Он пожал плечами.
— Ну чего тут плечами пожимать, — усмехнулась Антонина. — Она, наверное, вас ревнует, что вы сидите тут со мной…
— Мне тут приятно…
— Может быть, я вам безумно нравлюсь? — спросила Антонина.
— Может быть…
Он забрал ее руку в свои ладони.
— А Валя там страдает…
— Оставьте вы Валю. Что мне за дело до нее. И ей до меня нет никакого дела…
Поезд нырнул в густой, высокий лес. Сразу стало темно, сыро и холодно. И чуть-чуть стыдно.
— Говорите что-нибудь! — потребовала она.
— Что?
— Не знаю. Что-нибудь.
Ей было неприятно оттого, что он держал ее руку, и тошно от всей этой своей затеи, но злая сила несла ее все дальше и дальше. Поезд, вновь выскочил в поле, опять заблестела вода в болотцах, резко запахло гарью.
— А почему же вы не учитесь? — спросила Антонина.
— Какое это имеет значение? Ни вам об этом не интересно знать, ни мне рассказывать…
— Почему не интересно? Интересно. Мне, например, еще интересно знать — целуетесь вы с Валентиной или нет?
Володя молчал.
— Вы не будете больше с ней целоваться! Слышите? И сегодня вы скажете ей, что все кончено.
— Зачем это вам? — спросил он.
— Так мне хочется.
— Неправда! — печально возразил он. — Ничего вам не хочется. Просто вы расшалились, и как-то зло расшалились…
«А он неглупый! — подумала Антонина. — Неглупый и славный парень. Он не такой, как они все!»
Станция была маленькая — один только дощатый перрон и будка вроде папиросного ларька. В будке сидел кассир в форменной фуражке.
У будки их ждали Валя, Игорь и Жуся.
Антонина с удовольствием смотрела на Володю: он шел медленно, оглядывался по сторонам и все время обращался к Игорю и Жусе, а не к Вале.

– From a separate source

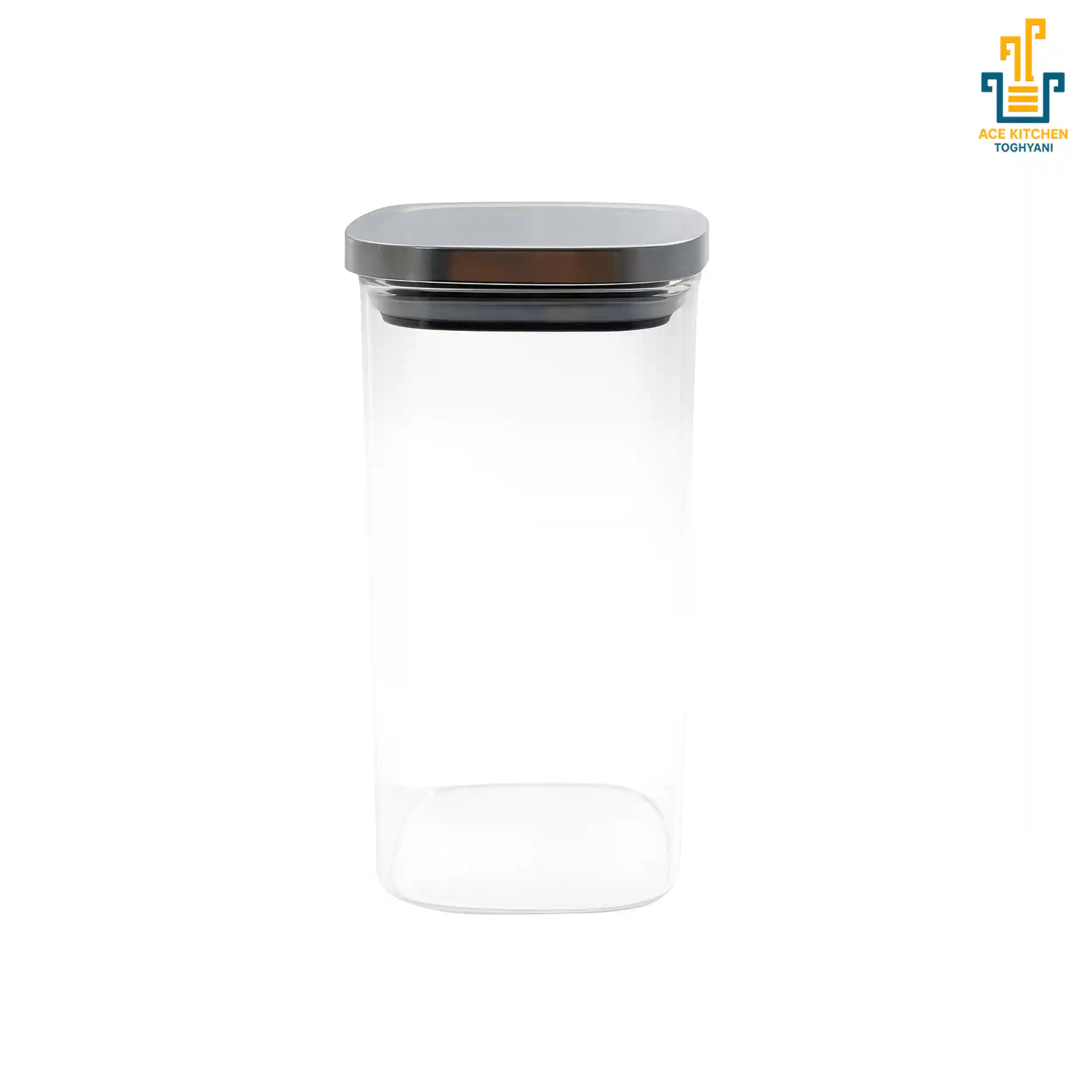 بانکه پیرکس شفاف Ace Kitchen با وزن 220 گرم و ارتفاع 15 سانتیمتر، مقاوم و شیک، مناسب برای نگهداری ادویه، خشکبار و مواد غذایی خشک.

Валя напевала и ни с кем не разговаривала. Жуся жаловалась, что у нее полные туфли песку и что она не может идти.
В двухэтажной даче с балконом, выходившим на залив, их ждал ужин, но они не стали ужинать, а уселись играть в карты.

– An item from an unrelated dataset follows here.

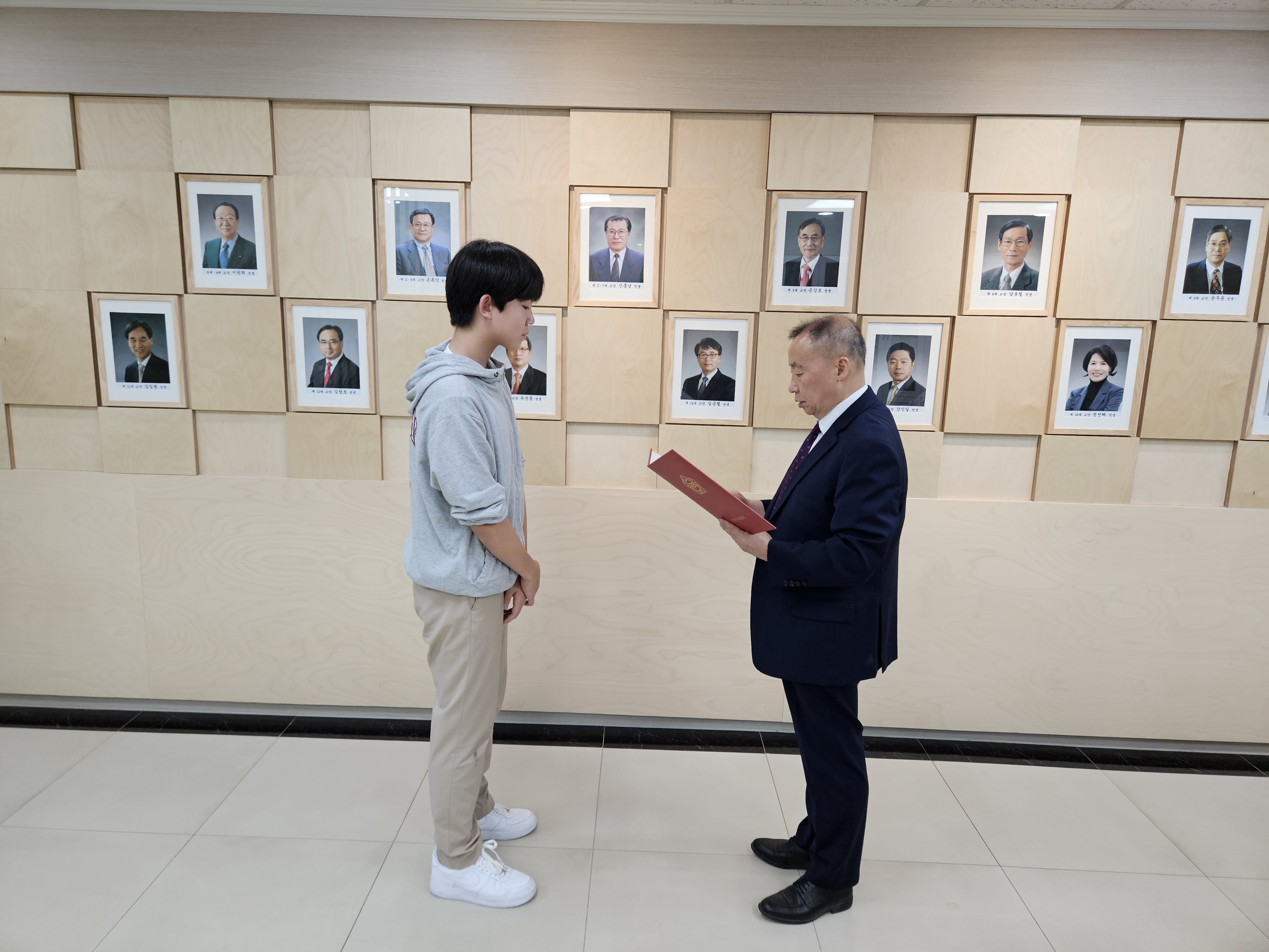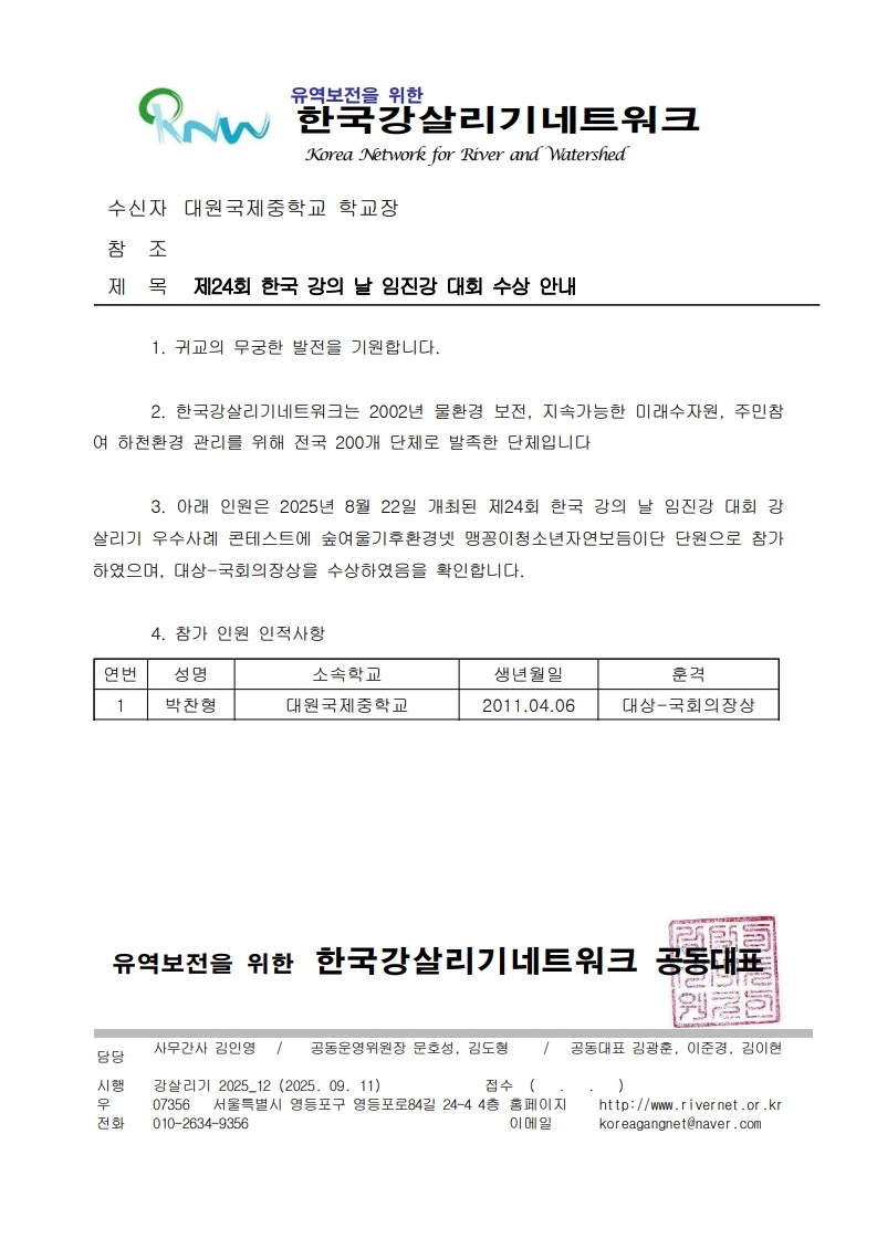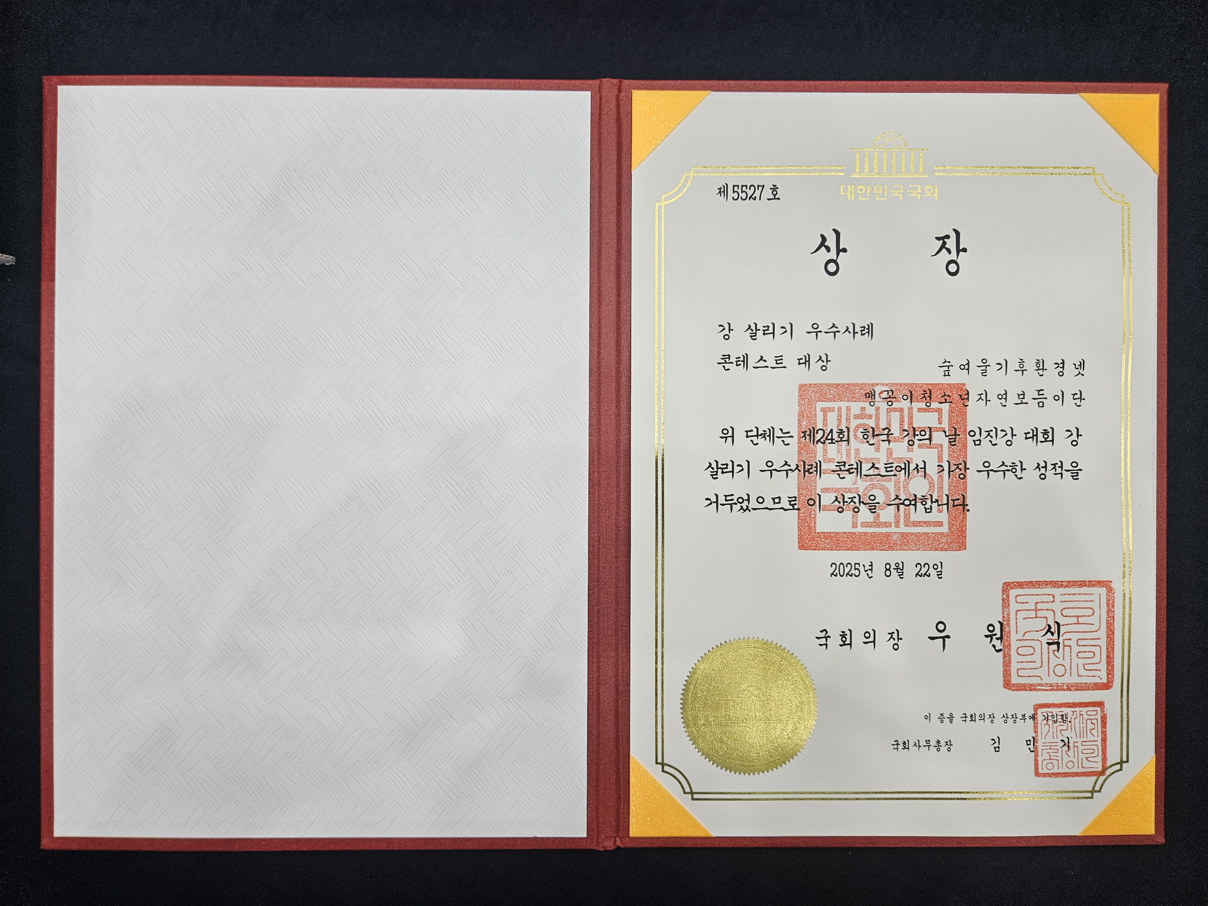 'Á¦ 24ȸ ÀÓÁø°­ ´ëȸ °­»ì¸®±â ¿ì¼ö»ç·Ê ÄÜÅ×½ºÆ®' ¿¡¼­ ´ë¿ø±¹Á¦ÁßÇб³ 2Çгâ 1¹Ý ¹ÚÂùÇüÇлýÀÌ Âü°¡ÇÑ '½£¿©¿ï±âÈÄȯ°æ³Ý ¸Í²ÇÀÌû¼Ò³âÀÚ¿¬º¸µëÀÌ´Ü'ÀÌ ´ë»ó(±¹È¸ÀÇÀå»ó)À» ¼ö»óÇÏ¿´½À´Ï´Ù.

— Пусть папа с мамой приедут, — сказала Валя, — неловко без них ужинать.
Она была бледна и потирала лоб. Антонина спросила, что с ней. Валя пожаловалась на головную боль и ушла наверх.
Играли вчетвером.
Володя чувствовал себя неловко, проигрывал и неестественно улыбался. Игорь свистал и один раз так подмигнул Володе в сторону ушедшей Вали, что Володя покраснел.
— Володя, пойдите и посмотрите, что с ней, — сказала Жуся, — неловко ведь вышло.

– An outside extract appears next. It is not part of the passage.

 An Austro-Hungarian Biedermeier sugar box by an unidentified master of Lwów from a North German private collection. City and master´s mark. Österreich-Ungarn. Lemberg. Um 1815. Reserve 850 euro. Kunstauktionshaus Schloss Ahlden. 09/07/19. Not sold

— И я, — вызвалась Антонина.
Вдвоем они поднялись по темной лестнице и долго ощупью искали дверь.
Валя лежала на диване под окном и плакала. Антонине стало стыдно, она повернулась и ушла вниз. Ни Жуси, ни Игоря в столовой не было. На столе коптила лампа. Антонина подвернула фитиль и ушла в сад. За деревьями — высоко, точно по небу, — прошел поезд, завыл, откликнулось эхо… Когда грохот стих, она пошла по аллее вперед, дошла до забора, села на скамейку и, вздохнув, подумала, что если она сейчас уйдет, то все, пожалуй, будут только рады. Рад будет и Володя — он такой добрый и так улыбается… Вероятно, ему очень неловко.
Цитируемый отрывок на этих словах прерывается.